(Records from a data collection)
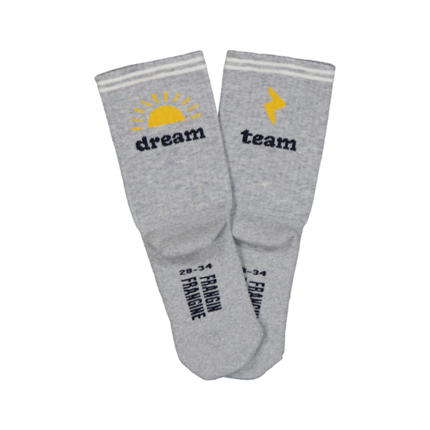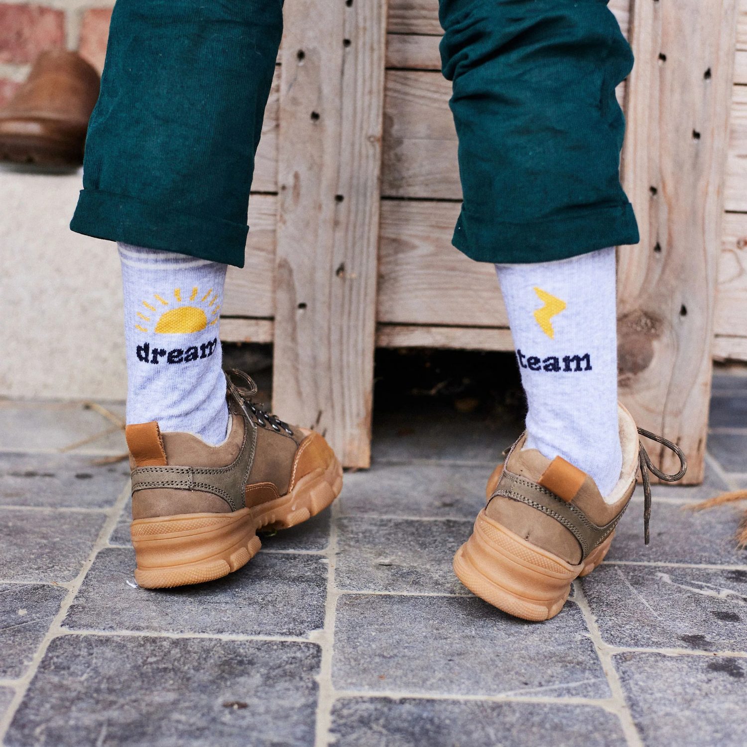 On dit oui au look sporty et stylé avec Georgette la chaussette parfaite ! Cette version grise du modèle Dream Teamgarde ses rayures sporty et son message positif, pour donner un max d’énergie et de bonne humeur aux petits comme aux grands.
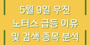 최근 주식 시장에서 ‘노터스’와 ‘우진’ 주식이 급등세를 보였습니다. 특히 5월 9일에는 두 종목 모두 투자자들 사이에서 큰 관심을 받으며 검색량이 급증하는 모습을 보였습니다. 이번 글에서는 노터스와 우진의 급등 이유를 살펴보고, …
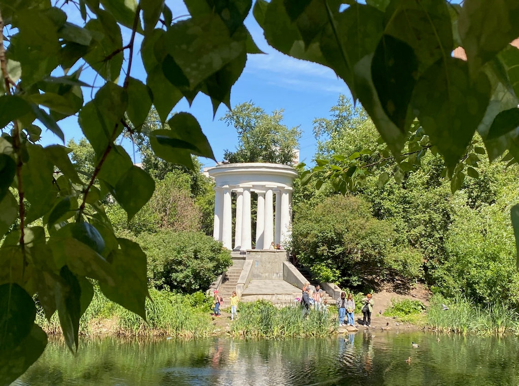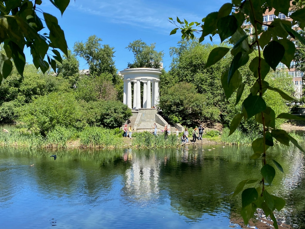 Почва в этих местах была болотистой. Чтобы осушить землю, в парке вырыли пруд, а посреди него на островке поставили изящную ротонду. Старая ротонда не сохранилась, а та, что мы видим сегодня, построена в советские 1930-е годы.
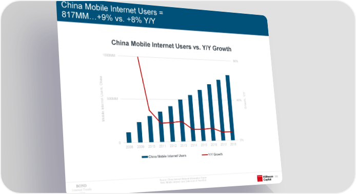 China Mobile Internet Users = 817MM…+9% vs. +8% Y/Y China Mobile Internet Users vs. Y/Y Growth 1000MM 80% na , Chi ers /Y Y Us 500MM 40% th, ow ernet r Int G e l bi Mo 0 0% 2008 2009 2010 2011 2012 2013 2014 2015 2016 2017 2018 China Mobile Internet Users Y/Y Growth Source: China Internet Network Information Center Note: Mobile Internet User Data is as of Year-End. Internet Trends 303 2019
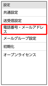電話番号・メールアドレス画面が表示されます。
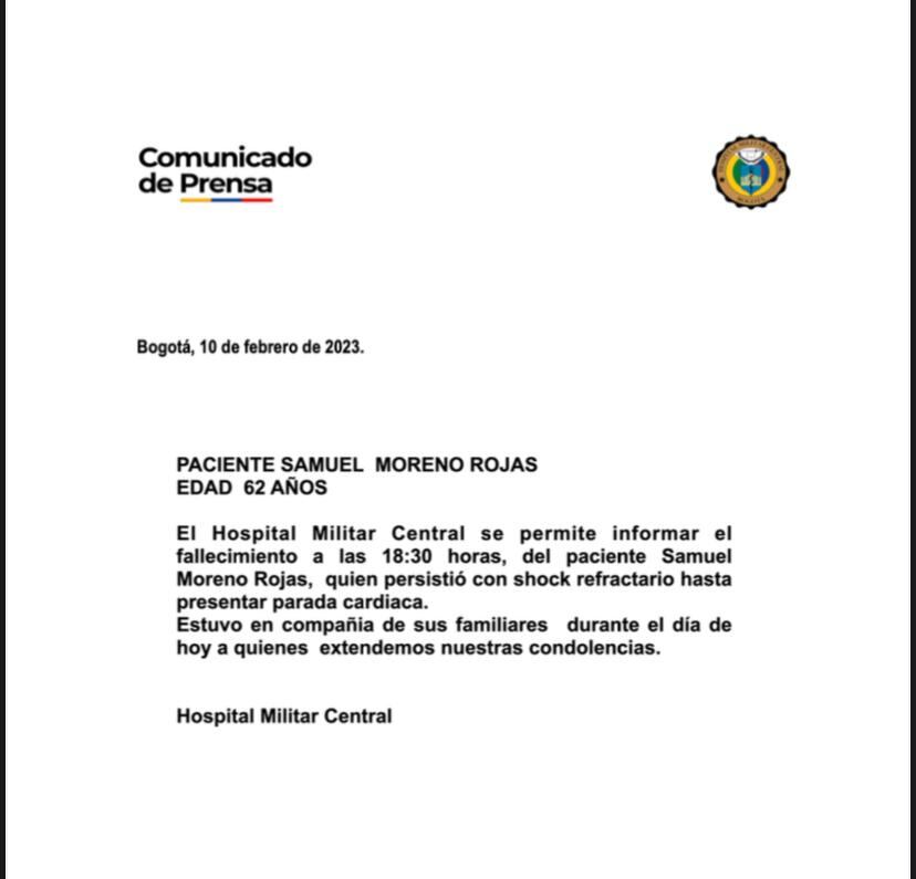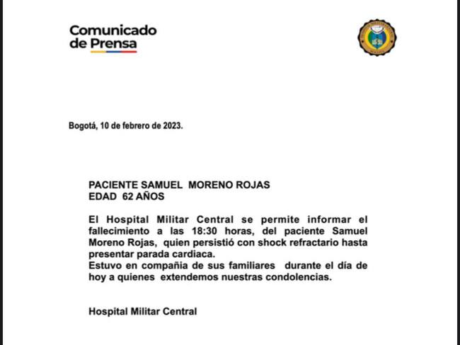 Comunicado fallecimiento Samuel Moreno. Foto: Hospital Militar Central
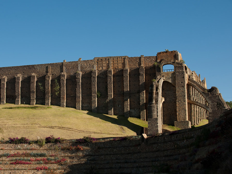 En la explanada de esta mina se puede apreciar el ingenio y fuerza que se requirió para ser construida. Aún se puede observar el malacate y el tiro de la misma, junto con dos enormes ruecas con cables de acero cuyas poleas sirven para bajar y subir trabajadores a la mina.
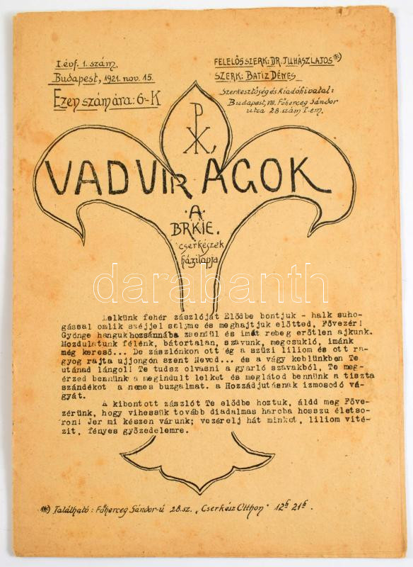 1921 Vadvirágok a BRKIE cserkészek házilapja I. évf. I. száma. Ritka! 14p.

Work instructions
From the line that contains "최근 주식 시장에서 ‘노터스’와" to the last line of the records above, copy each line exactly, both ends included, and leave the pictures out.

Worked solution
 최근 주식 시장에서 ‘노터스’와 ‘우진’ 주식이 급등세를 보였습니다. 특히 5월 9일에는 두 종목 모두 투자자들 사이에서 큰 관심을 받으며 검색량이 급증하는 모습을 보였습니다. 이번 글에서는 노터스와 우진의 급등 이유를 살펴보고, …
 Почва в этих местах была болотистой. Чтобы осушить землю, в парке вырыли пруд, а посреди него на островке поставили изящную ротонду. Старая ротонда не сохранилась, а та, что мы видим сегодня, построена в советские 1930-е годы.
 China Mobile Internet Users = 817MM…+9% vs. +8% Y/Y China Mobile Internet Users vs. Y/Y Growth 1000MM 80% na , Chi ers /Y Y Us 500MM 40% th, ow ernet r Int G e l bi Mo 0 0% 2008 2009 2010 2011 2012 2013 2014 2015 2016 2017 2018 China Mobile Internet Users Y/Y Growth Source: China Internet Network Information Center Note: Mobile Internet User Data is as of Year-End. Internet Trends 303 2019
電話番号・メールアドレス画面が表示されます。
 Comunicado fallecimiento Samuel Moreno. Foto: Hospital Militar Central
 En la explanada de esta mina se puede apreciar el ingenio y fuerza que se requirió para ser construida. Aún se puede observar el malacate y el tiro de la misma, junto con dos enormes ruecas con cables de acero cuyas poleas sirven para bajar y subir trabajadores a la mina.
 1921 Vadvirágok a BRKIE cserkészek házilapja I. évf. I. száma. Ritka! 14p.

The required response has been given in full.